Oct 2020
Mary Seacole, Jamaican born Nurse and Adventurer
Celebrating inspirational leaders in health and social care #BlackHistoryMonth
Mary Seacole, Jamaican born Nurse and Adventurer
Mary Seacole was a daring adventurer of the 19th century. A Jamaican woman of mixed race, she was awarded the Order of Merit posthumously by the Government of Jamaica and in 2004, Mary was voted the “Greatest Black Briton.”
Born Mary Jane Grant, the daughter of James Grant, a Scottish Lieutenant in the British Army, and a free Jamaican woman. Her mother, nicknamed "The Doctress", was a healer who used traditional Caribbean and African herbal remedies and ran Blundell Hall, a boarding house, considered one of the best hotels in Kingston.
Jamaican doctresses mastered folk medicine, had a vast knowledge of tropical diseases, and had a general practitioner's skill in treating ailments and injuries. The role of a doctress in Jamaica was a mixture of a nurse, midwife, masseuse and herbalist. They practiced the use of good hygiene a century before Florence Nightingale wrote about its importance.
At Blundell Hall, Seacole acquired her caring skills, which included the use of hygiene, ventilation, warmth, hydration, rest, empathy, good nutrition and care for the dying. Blundell Hall also served as a convalescent home for military and naval staff recuperating from illnesses such as cholera and yellow fever. Because of her family's close ties with the army, she was able to observe the practices of military doctors and combine that knowledge with the West African remedies she acquired from her mother.
In late 18th and early 19th century Jamaica, neonatal deaths were more than a quarter of total births, at a time when European doctors were employing questionable practices such as mercury pills and the bleeding of the patient. However, Seacole, used traditional West African herbal remedies and hygienic practices and boasted that she never lost a mother or child.
In November 1836 Mary married Edwin Horatio Hamilton Seacole, it was a short marriage with Edwin passing away in October 1844. Seacole absorbed herself in work, declining many offers of marriage. She treated patients in the cholera epidemic of 1850, which killed 32,000 Jamaicans. From 1851 – 1854 Seacole travelled Central America caring for those suffering with cholera before travelling to the Crimea.
When war broke out in the Crimea in the 1850s Mary applied for a nursing post in Britain but was rejected. Ever determined, she went under her own steam, setting up a hotel for recuperating soldiers and earning herself the title of the ‘Angel of Crimea’.
This left Mary bankrupt on her return to England. Her plight was highlighted in the British press which led to the creation of a fund, to which many of the military men she had cared for and prominent people donated, including Queen Victoria.
In 1857 an autobiographical account of her travels was published: Wonderful Adventures of Mrs. Seacole in Many Lands, the first autobiography written by a black woman in Britain.

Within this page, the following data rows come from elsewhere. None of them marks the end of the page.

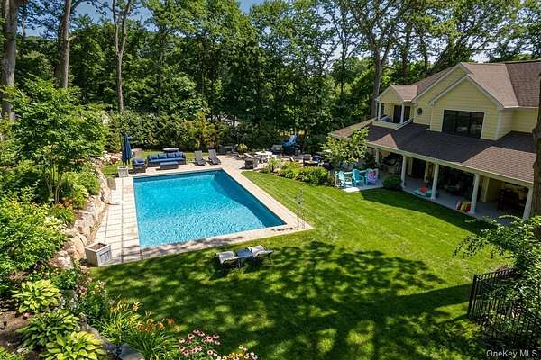 Welcome to 5 Ocean Ave, a spacious and inviting expanded Colonial set on approximately 1.6 acres of beautifully landscaped property in the heart of Northport. Offering about 4,500 sq ft of living space, this home features a classic wrap around porch, perfect for morning coffee or relaxing evenings. Inside, the home offers generously sized rooms, abundant natural light, and a flexible floor plan ideal for both everyday living and entertaining. The expansive grounds with mature trees provide exceptional privacy and a true retreat like setting. The backyard is a standout feature, showcasing an in-ground pool and patio area, ideal for summer gatherings, outdoor dining, and entertaining guests. The property offers a rare combination of space, character, and outdoor lifestyle. Conveniently located in Northport Village, shops, restaurants, parks, beaches, and transportation. A unique opportunity to own a special home with space, privacy, and exceptional outdoor amenities in a prime Village location.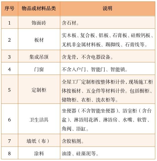 不在上述范围内的物品材料,如黄沙、水泥、管道等,不予补贴;人工装修费用不予补贴。家具成品柜不在装修补贴范围内,消费者可以向商务部门申请“新旧置换”补贴。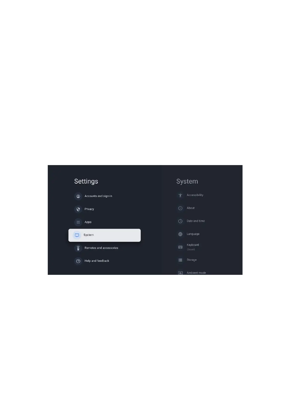Gebruik de richtingstoetsen om de opties Over, Datum en tijd, Taal, Opslag, Energie en andere te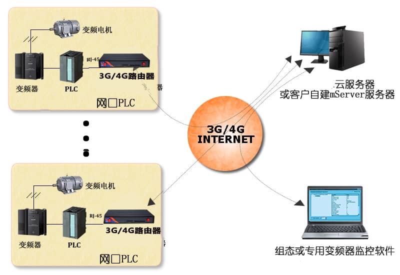 對(duì)于配合PLC使用的變頻器應(yīng)用,并且PLC具備RJ-45通信網(wǎng)口,使用TCP/IP協(xié)議實(shí)現(xiàn)通信的情況,如西門子、歐姆龍、三菱等網(wǎng)口的PLC。才茂目前已經(jīng)成功的連接國內(nèi)外大多數(shù)品牌具備網(wǎng)口的PLC產(chǎn)品,使用才茂網(wǎng)口通功能,配合云服務(wù)器,只需要極少的配置工作,無需已有的監(jiān)控軟件做二次開發(fā),即可快速實(shí)現(xiàn)遠(yuǎn)程無線通信功能。詳細(xì)請(qǐng)見才茂3G路由器連接PLC的技術(shù)文檔。結(jié)構(gòu)圖如下圖: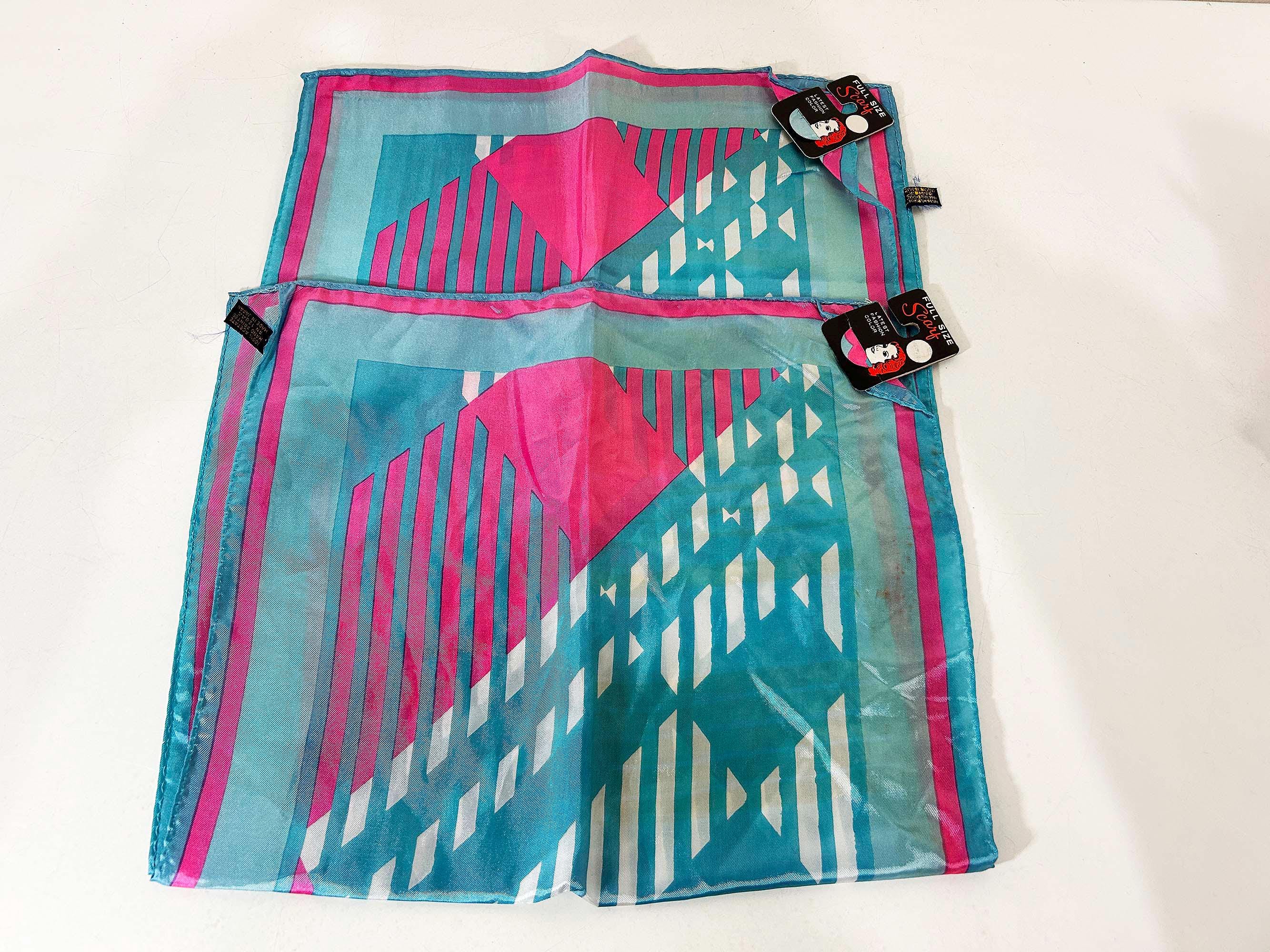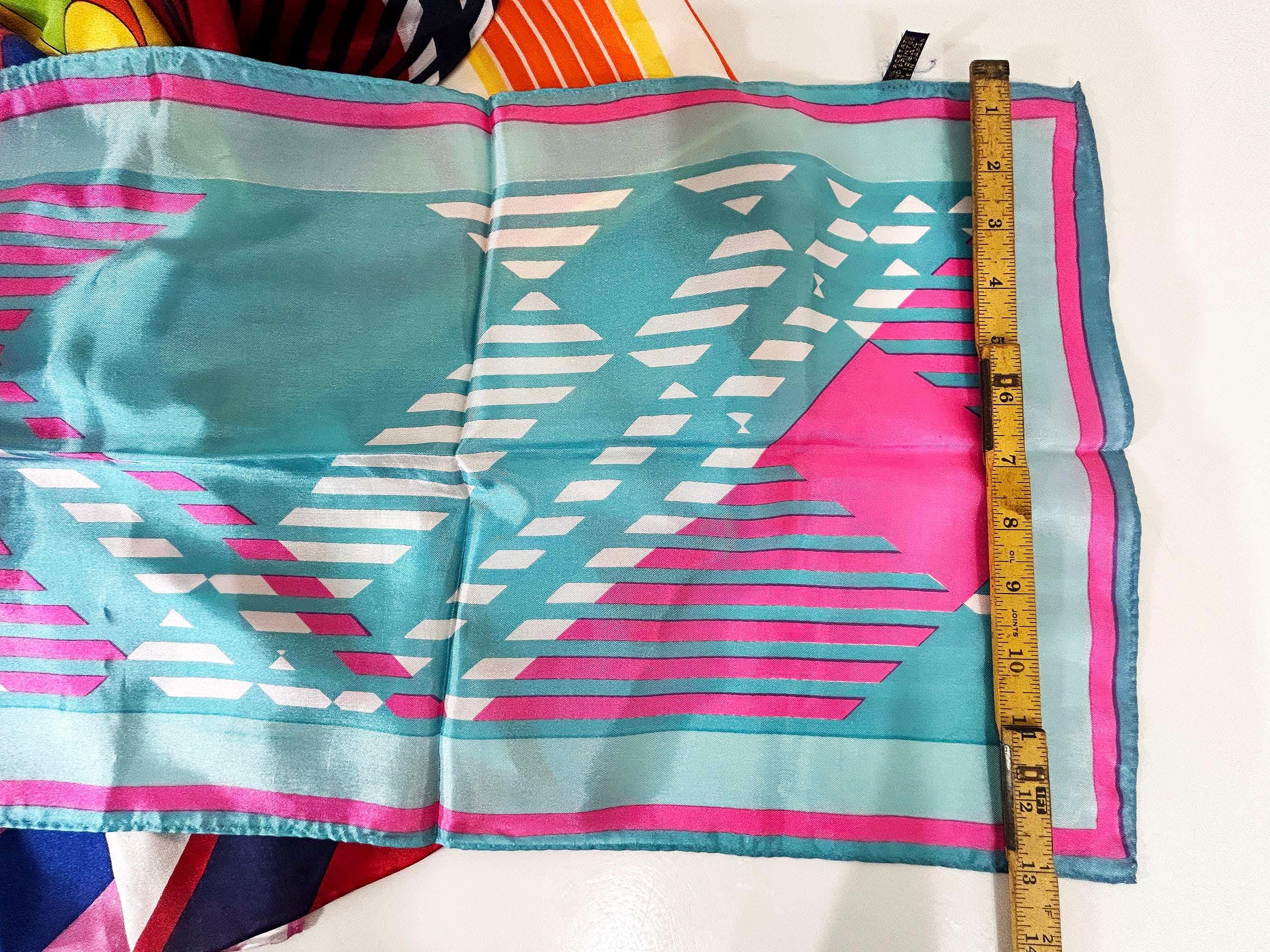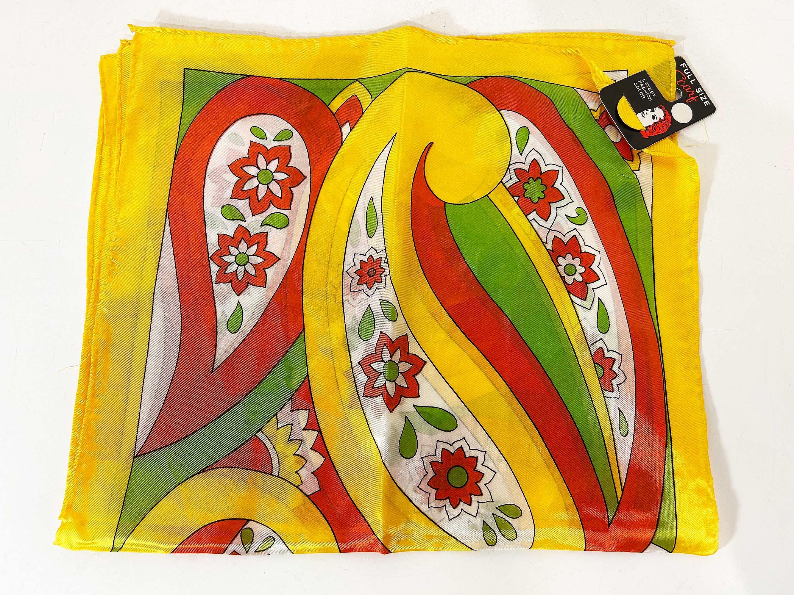 Lovely scarves in a rainbow of colors! These scarves are long so they can be used as a head wrap too. The scarves are lightweight with a bit of sheerness. Each scarf is in good vintage condition with some light stains likely from storage - please be sure to inspect all photos closely. Each scarf is approximately 43 1/2 inches long and 13 inches wide. They come with their tags still attached except for the orange striped one that does not. Please choose the one you'd like to purchase from the drop down menu.

In 1860 Seacole retuned to Jamaica where she bought land and built a bungalow for herself and a larger property to rent out. By 1870 she returned to England and joined the periphery of the royal circle in London where she lived until her death in 1881.
Despite her achievements, Mary’s story laid buried for a century. Mary is now rightly honoured in both Jamaica and the UK. In 1981, 100 years after her death, a service was held (and has been held every year since) at her gravesite in London.